New York prosecutor is eyeing charges in a case examining hush money paid to women who alleged sexual encounters with the former president.

Trump has cast the investigation against him as a “witch hunt” by a Democratic prosecutor bent on sabotaging his 2024 presidential campaign.
Reuters

Trump has cast the investigation against him as a “witch hunt” by a Democratic prosecutor bent on sabotaging his 2024 presidential campaign.

Donald Trump said in a social media post that he expects to be arrested on Tuesday as a New York prosecutor is eyeing charges in a case examining hush money paid to women who alleged sexual encounters with the former president.

Trump said in a social media post on Saturday that “illegal leaks” from the Manhattan district attorney's office indicate that “THE FAR & AWAY LEADING REPUBLICAN CANDIDATE & FORMER PRESIDENT OF THE UNITED STATES OF AMERICA, WILL BE ARRESTED ON TUESDAY OF NEXT WEEK.”
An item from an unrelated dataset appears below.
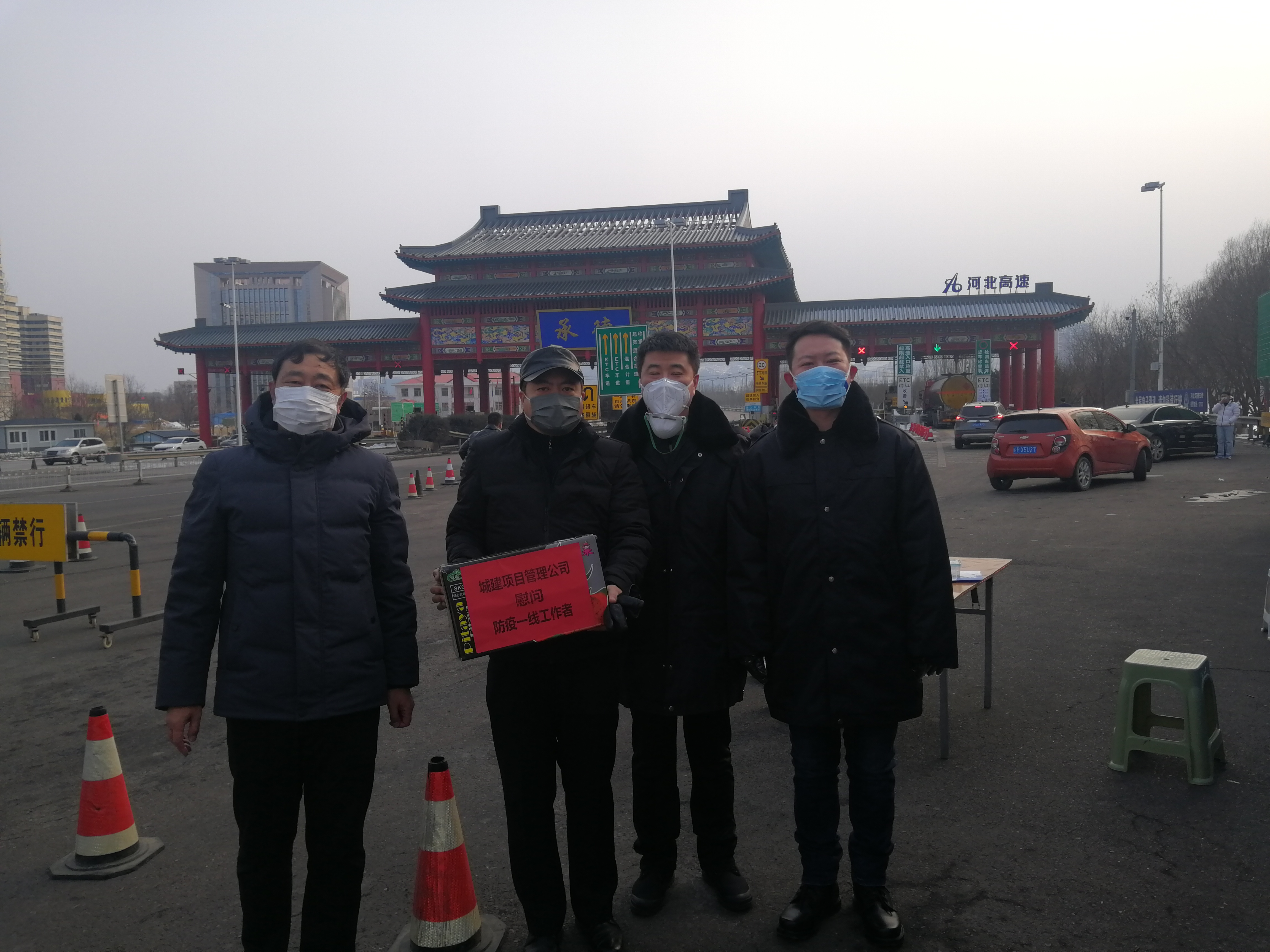 承德城建工程項(xiàng)目管理有限公司為全力支持疫情防控工作,以公司副總經(jīng)理、總工張衛(wèi)東為首一行人,來(lái)到大石廟、雙峰寺和獅子園高速口,慰問(wèn)在寒冷的天氣里,堅(jiān)持現(xiàn)場(chǎng)檢疫檢測(cè)工作的防疫一線工作者們,代表公司向他們致以崇高的敬意!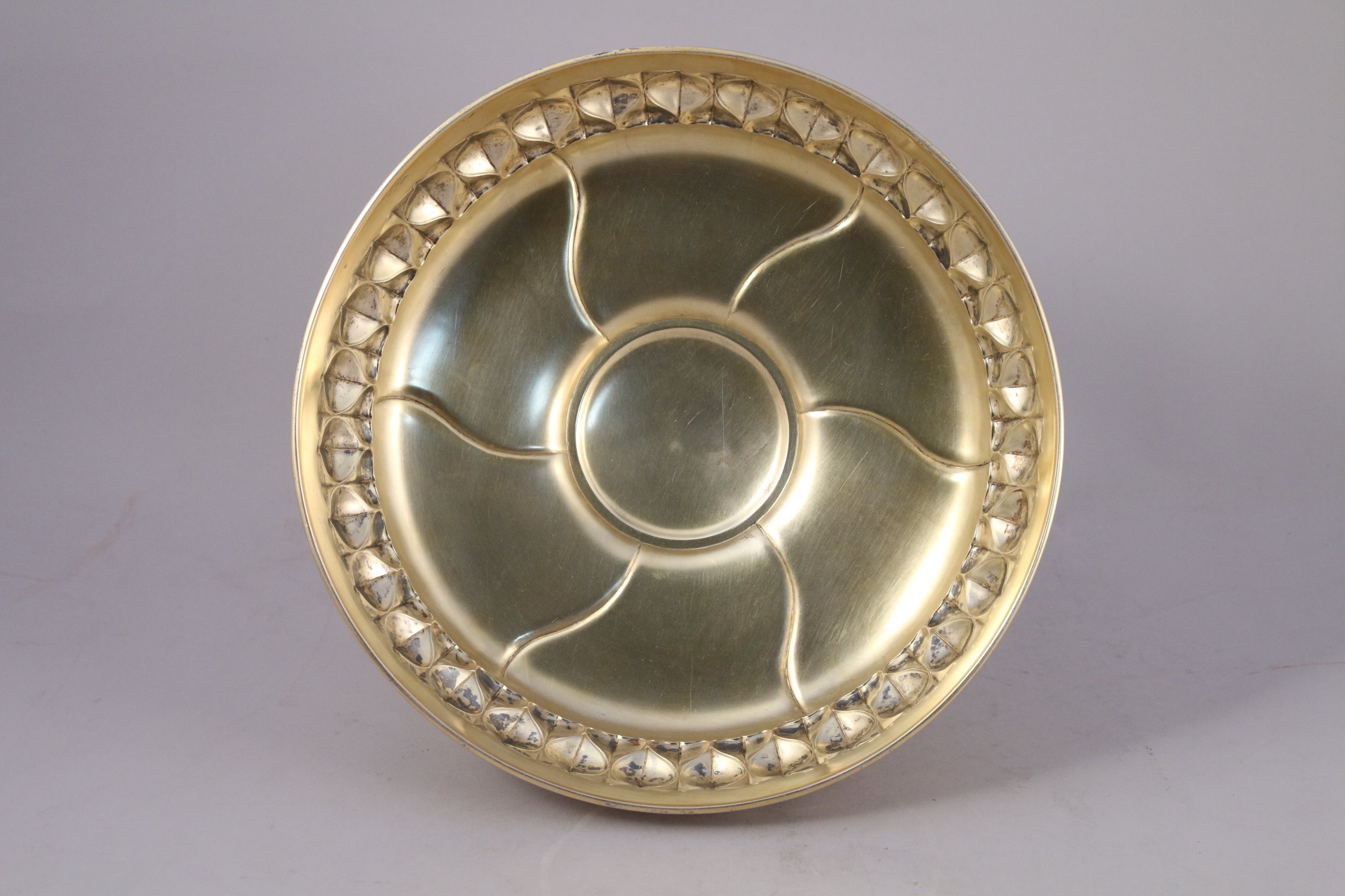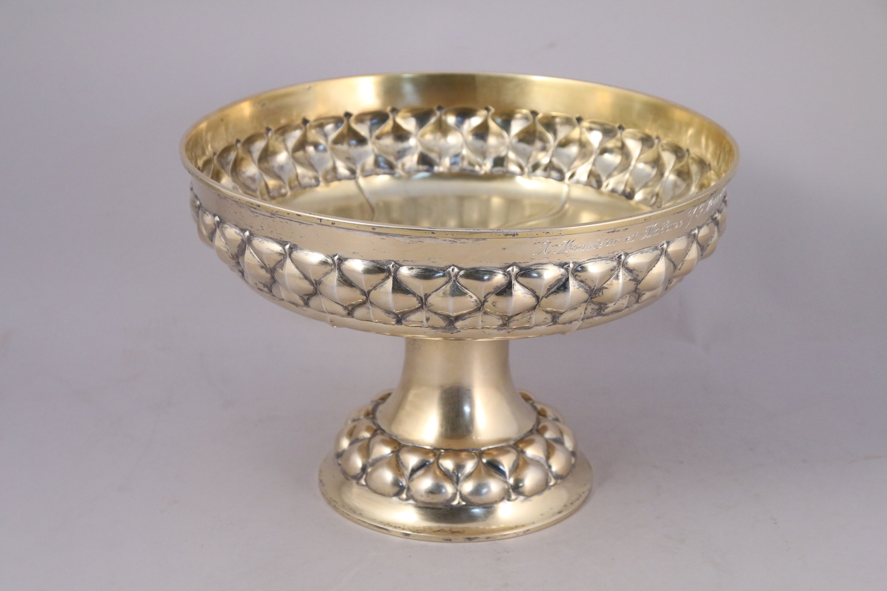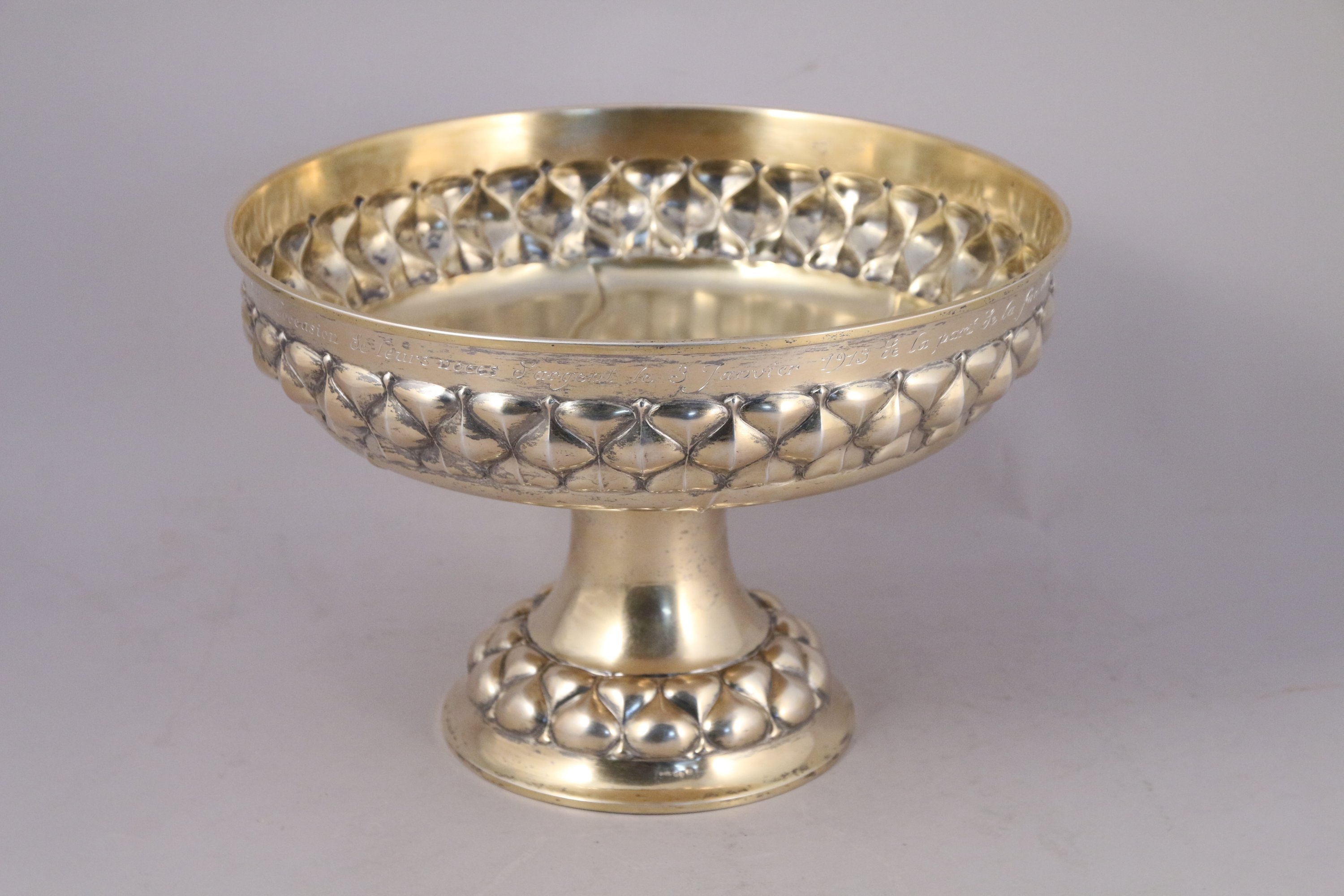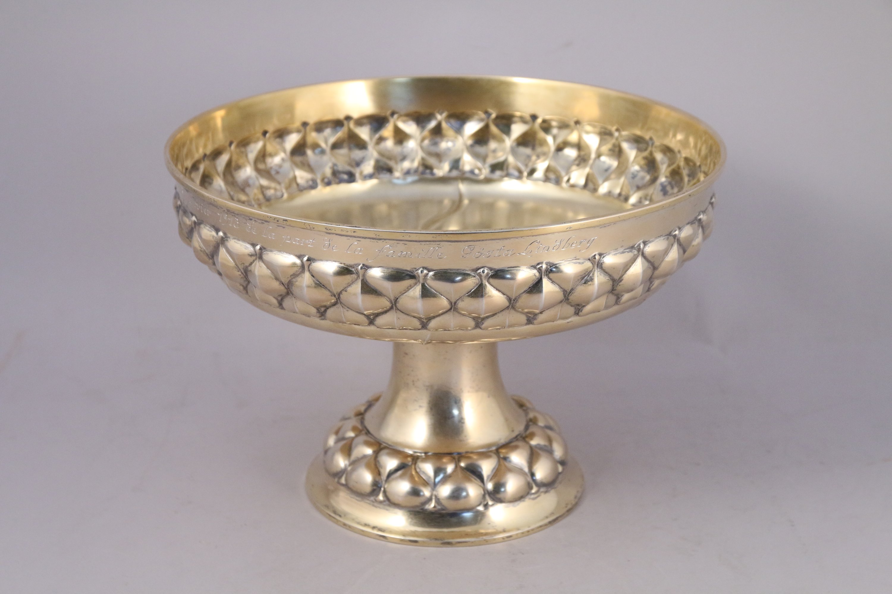 SUEDE. Grande COUPE sur PIÉDOUCHE en vermeil avec une dédicace: "À Monsieur et Madame J. G. Monnet à l'occasion de leurs noces d'argent le 3 Janvier 1913 de la part de la famille Gösta Lindberg".

Trump has declared in November that he is running again for president in 2024, and polls show he is the leading candidate of the Republican Party.

Messages left on Saturday with the district attorney’s office were not immediately returned.

Representatives for Trump did not immediately respond to calls for comment.

Trump did not provide any details on social media about how he knew about the expected arrest.

In his postings, he repeated his lies that the 2020 presidential election he lost to Democrat Joe Biden was stolen and he urged his followers to “PROTEST, TAKE OUR NATION BACK!” That language evoked the message from the then-president that preceded the deadly riot at the US Capitol on January 6, 2021.

Law enforcement officials in New York have been making security preparations for the possibility that Trump could be indicted.

There has been no public announcement of any time frame for the grand jury’s secret work in the case, including any potential vote on whether to indict the ex-president.

Trump's posting echoes one made last summer when he broke the news on social media that the FBI was searching his home as part of an investigation into the possible mishandling of classified documents.

The grand jury in Manhattan has been hearing from witnesses, including former Trump lawyer Michael Cohen, who says he orchestrated payments in 2016 to two women to silence them about sexual encounters they said they had with Trump a decade earlier.

Trump denies the encounters occurred, says he did nothing wrong and has cast the investigation as a “witch hunt” by a Democratic prosecutor bent on sabotaging the Republican’s 2024 presidential campaign.

Manhattan District Attorney Alvin Bragg’s office has apparently been examining whether any state laws were broken in connection with the payments or the way Trump’s company compensated Cohen for his work to keep the women’s allegations quiet.

Daniels and at least two former Trump aides — onetime political adviser Kellyanne Conway and former spokesperson Hope Hicks — are among witnesses who have met with prosecutors in recent weeks.

Cohen has said that at Trump’s direction, he arranged payments totalling $280,000 to porn actor Stormy Daniels and Playboy model Karen McDougal.

According to Cohen, the payouts were to buy their silence about Trump, who was then in the thick of his first presidential campaign.